If you see a picture in the data below, omit it and copy the rest exactly.
### Task data ###
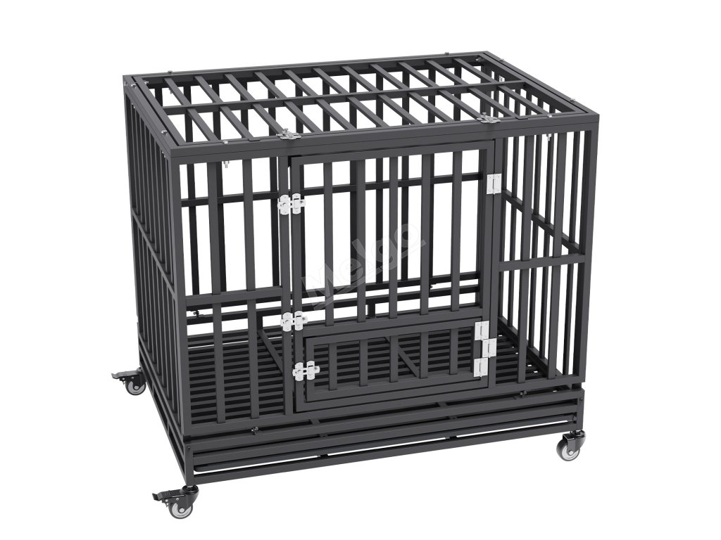 Klec pro psa 42 inch, 3 dvířka, střední a velká, kolečka, tác
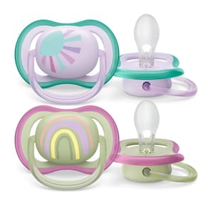 Uma chupeta leve e com aberturas de ar para a pele sensível do bebê. Grandes aberturas para permitir que a pele do bebê respire. Deixe a pele do seu bebê respirar com a Chupeta Philips Avent Ultra Air, que possui 4 grandes aberturas e um escudo leve desenhado para o o máximo de fluxo de ar, para que a pele do bebê continue seca enquanto usa a chupeta.
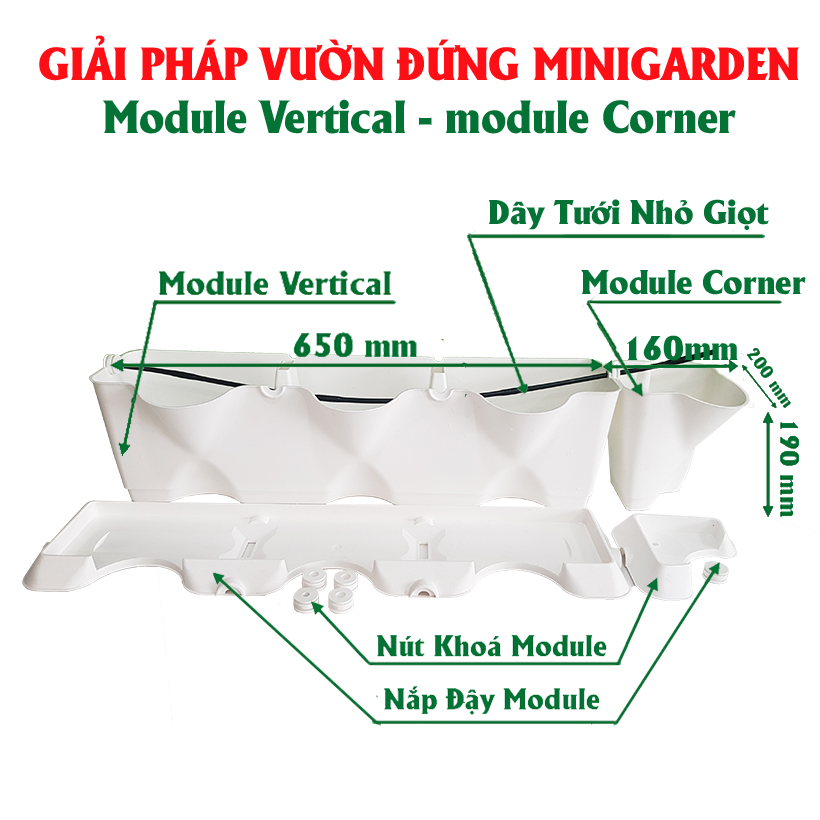 • Gồm 1 module Minigarden Vertical (Ngang 65cm x Cao 20cm) + 1 Nắp đậy + 6 nút khóa Module
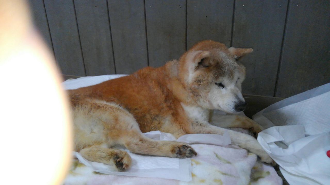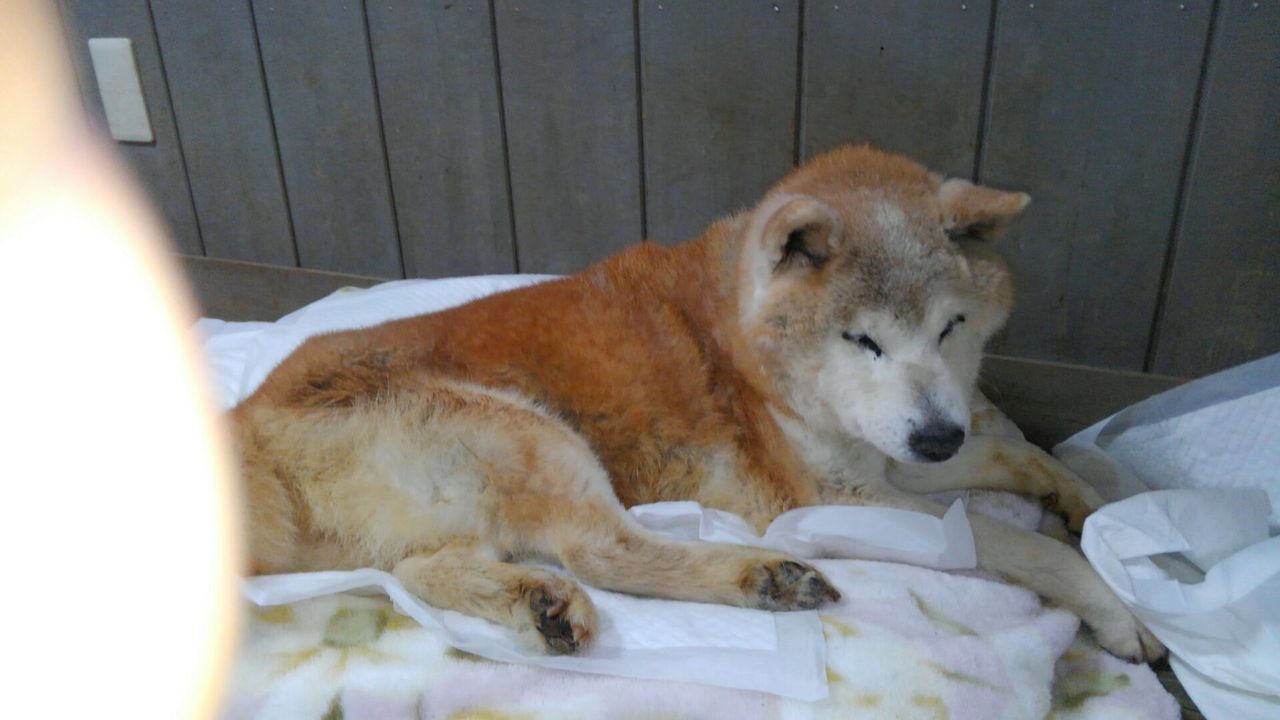 柴さくらちゃん、一昨日から後ろ足が立たなくなり、徘徊ルームから、小型犬エリアにお引っ越しました。
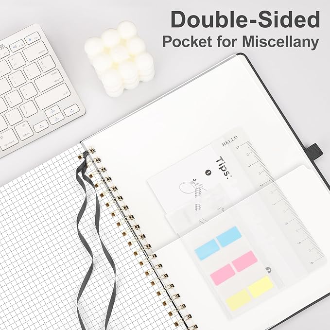 - PRACTICAL LAYOUT: Equipped an elastic band, a pen holder and removable bookmark ruler to keep your notebook organized. Comes with a DIY bookmark with a ribbon for self-attachment to the spiral, serving as a bookmark. Features a double-sided pocket for storing miscellany and 18pcs sticky notes for additional organization and reminders
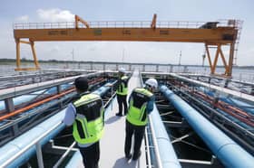 Kakitangan Lembaga Urus Air Selangor (LUAS) memantau keadaan stesen pam SJAM di Kolam Horas, Kuala Selangor pada 13 Mei 2025.
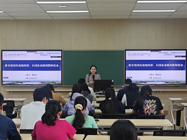 為深入學習貫徹黨的二十大和黨的二十屆二中、三中全會精神,貫徹落實全國教育大會精神、上海市教育大會精神和《教育強國建設規劃綱要(2024-2035年)》相關工作部署,緊扣新時代教育發展需求,校院協同推出教師發展賦能+系列培訓,培訓包含教育家精神及師德師風建設、教師專業素養、能源電力素養、AI賦能四大模塊。4月10日,由黨委教師工作部/人事處主辦,馬克思主義學院承辦的“習近平總書記教育重要論述融入教師發展全過程”系列講座開講。第一講由馬克思主義學院陳寶云副教授作題為“教育強國的戰略圖譜:從國家命題到教師使命”專題講座。講座由馬克思主義學院黨總支書記常華主持,教工部/人事處、宣傳部、保衛處相關領導出席,60余名教師于線上線下同步聆聽。
###
• Answer to the exercise:
 Klec pro psa 42 inch, 3 dvířka, střední a velká, kolečka, tác
 Uma chupeta leve e com aberturas de ar para a pele sensível do bebê. Grandes aberturas para permitir que a pele do bebê respire. Deixe a pele do seu bebê respirar com a Chupeta Philips Avent Ultra Air, que possui 4 grandes aberturas e um escudo leve desenhado para o o máximo de fluxo de ar, para que a pele do bebê continue seca enquanto usa a chupeta.
 • Gồm 1 module Minigarden Vertical (Ngang 65cm x Cao 20cm) + 1 Nắp đậy + 6 nút khóa Module
 柴さくらちゃん、一昨日から後ろ足が立たなくなり、徘徊ルームから、小型犬エリアにお引っ越しました。
 - PRACTICAL LAYOUT: Equipped an elastic band, a pen holder and removable bookmark ruler to keep your notebook organized. Comes with a DIY bookmark with a ribbon for self-attachment to the spiral, serving as a bookmark. Features a double-sided pocket for storing miscellany and 18pcs sticky notes for additional organization and reminders
 Kakitangan Lembaga Urus Air Selangor (LUAS) memantau keadaan stesen pam SJAM di Kolam Horas, Kuala Selangor pada 13 Mei 2025.
 為深入學習貫徹黨的二十大和黨的二十屆二中、三中全會精神,貫徹落實全國教育大會精神、上海市教育大會精神和《教育強國建設規劃綱要(2024-2035年)》相關工作部署,緊扣新時代教育發展需求,校院協同推出教師發展賦能+系列培訓,培訓包含教育家精神及師德師風建設、教師專業素養、能源電力素養、AI賦能四大模塊。4月10日,由黨委教師工作部/人事處主辦,馬克思主義學院承辦的“習近平總書記教育重要論述融入教師發展全過程”系列講座開講。第一講由馬克思主義學院陳寶云副教授作題為“教育強國的戰略圖譜:從國家命題到教師使命”專題講座。講座由馬克思主義學院黨總支書記常華主持,教工部/人事處、宣傳部、保衛處相關領導出席,60余名教師于線上線下同步聆聽。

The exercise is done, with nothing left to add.